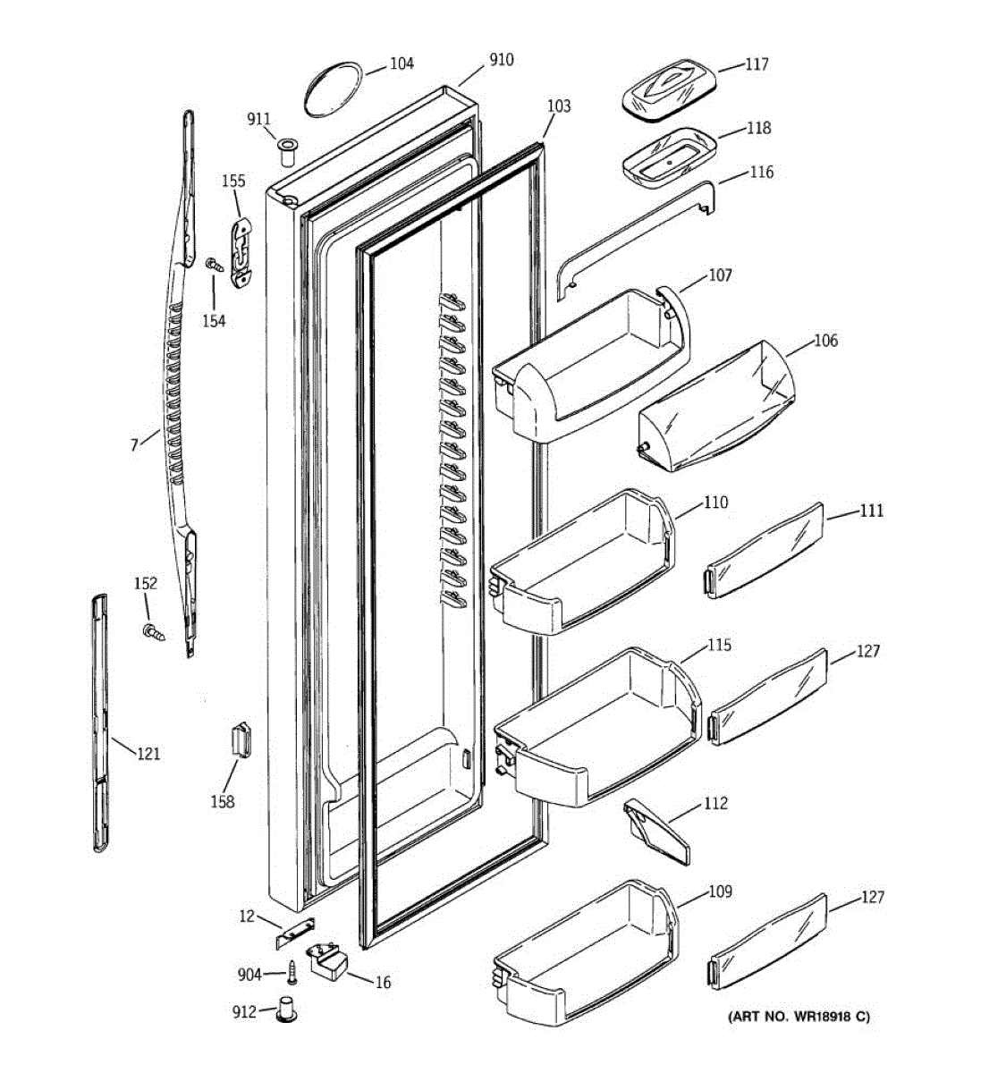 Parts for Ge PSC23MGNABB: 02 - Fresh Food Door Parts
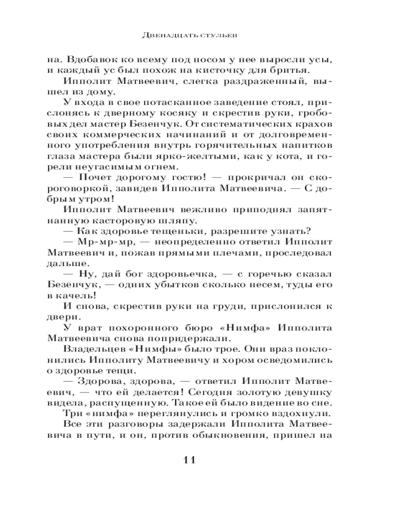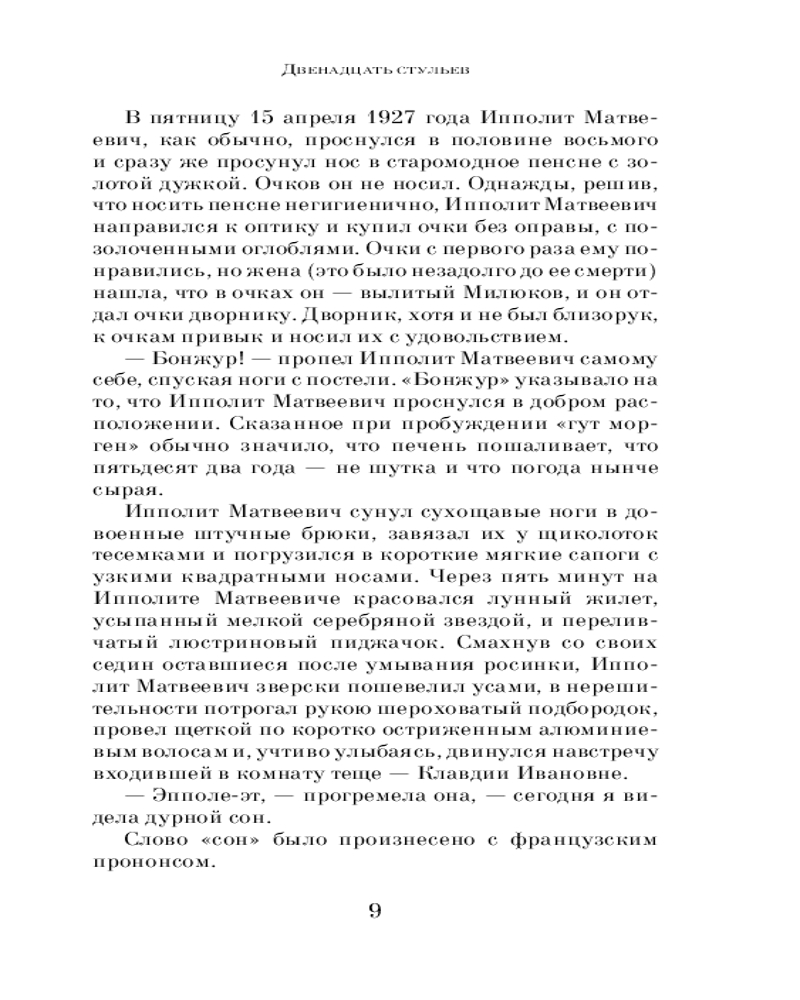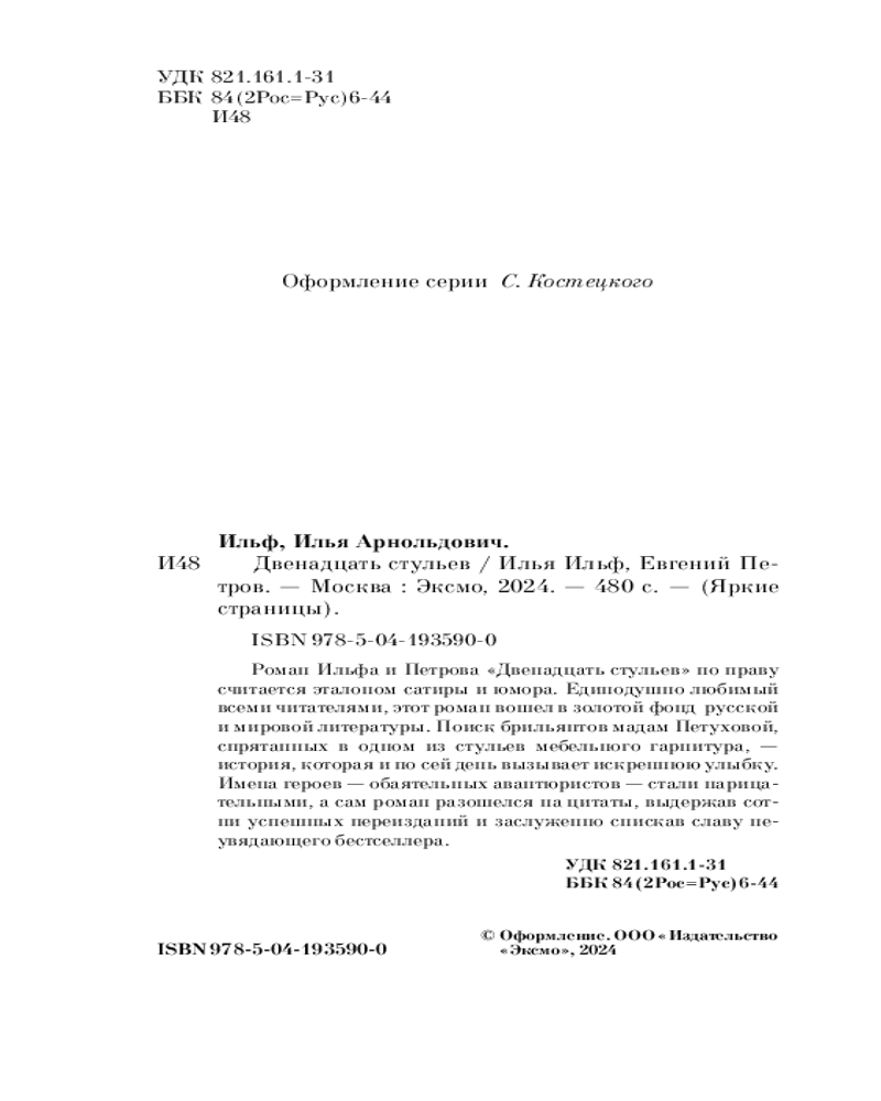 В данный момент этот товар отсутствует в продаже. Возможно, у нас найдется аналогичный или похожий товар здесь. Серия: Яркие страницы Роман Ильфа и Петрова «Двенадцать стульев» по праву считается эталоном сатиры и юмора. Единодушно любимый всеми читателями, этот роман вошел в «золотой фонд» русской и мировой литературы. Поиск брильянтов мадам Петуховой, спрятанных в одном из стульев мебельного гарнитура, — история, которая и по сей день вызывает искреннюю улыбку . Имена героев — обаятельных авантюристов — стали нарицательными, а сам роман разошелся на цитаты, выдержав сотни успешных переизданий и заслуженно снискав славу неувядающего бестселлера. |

----

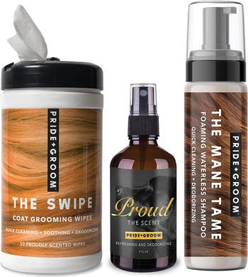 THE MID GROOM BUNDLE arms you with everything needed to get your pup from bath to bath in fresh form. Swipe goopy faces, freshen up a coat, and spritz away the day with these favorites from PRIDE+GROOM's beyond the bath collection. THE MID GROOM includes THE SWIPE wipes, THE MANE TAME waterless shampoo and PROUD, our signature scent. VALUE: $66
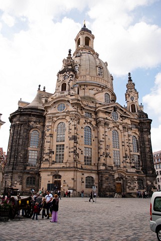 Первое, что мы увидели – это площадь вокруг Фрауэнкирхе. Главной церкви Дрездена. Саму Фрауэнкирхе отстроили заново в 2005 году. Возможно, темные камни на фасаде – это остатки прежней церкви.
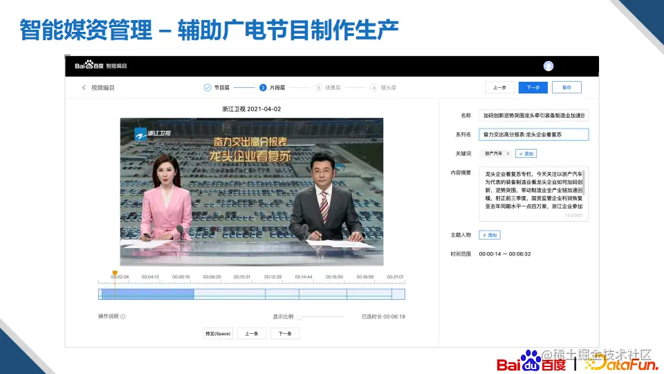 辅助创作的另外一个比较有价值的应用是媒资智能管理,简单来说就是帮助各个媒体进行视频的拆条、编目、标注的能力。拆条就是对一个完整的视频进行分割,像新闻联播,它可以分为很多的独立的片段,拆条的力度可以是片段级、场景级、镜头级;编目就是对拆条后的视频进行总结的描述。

----

**What to produce**
Copy everything above from the line holding "Parts for Ge" down to the line holding "В данный момент", both ends included, exactly as it stands and without the pictures.

**Solution for this exercise**
 Parts for Ge PSC23MGNABB: 02 - Fresh Food Door Parts
 В данный момент этот товар отсутствует в продаже. Возможно, у нас найдется аналогичный или похожий товар здесь. Серия: Яркие страницы Роман Ильфа и Петрова «Двенадцать стульев» по праву считается эталоном сатиры и юмора. Единодушно любимый всеми читателями, этот роман вошел в «золотой фонд» русской и мировой литературы. Поиск брильянтов мадам Петуховой, спрятанных в одном из стульев мебельного гарнитура, — история, которая и по сей день вызывает искреннюю улыбку . Имена героев — обаятельных авантюристов — стали нарицательными, а сам роман разошелся на цитаты, выдержав сотни успешных переизданий и заслуженно снискав славу неувядающего бестселлера. |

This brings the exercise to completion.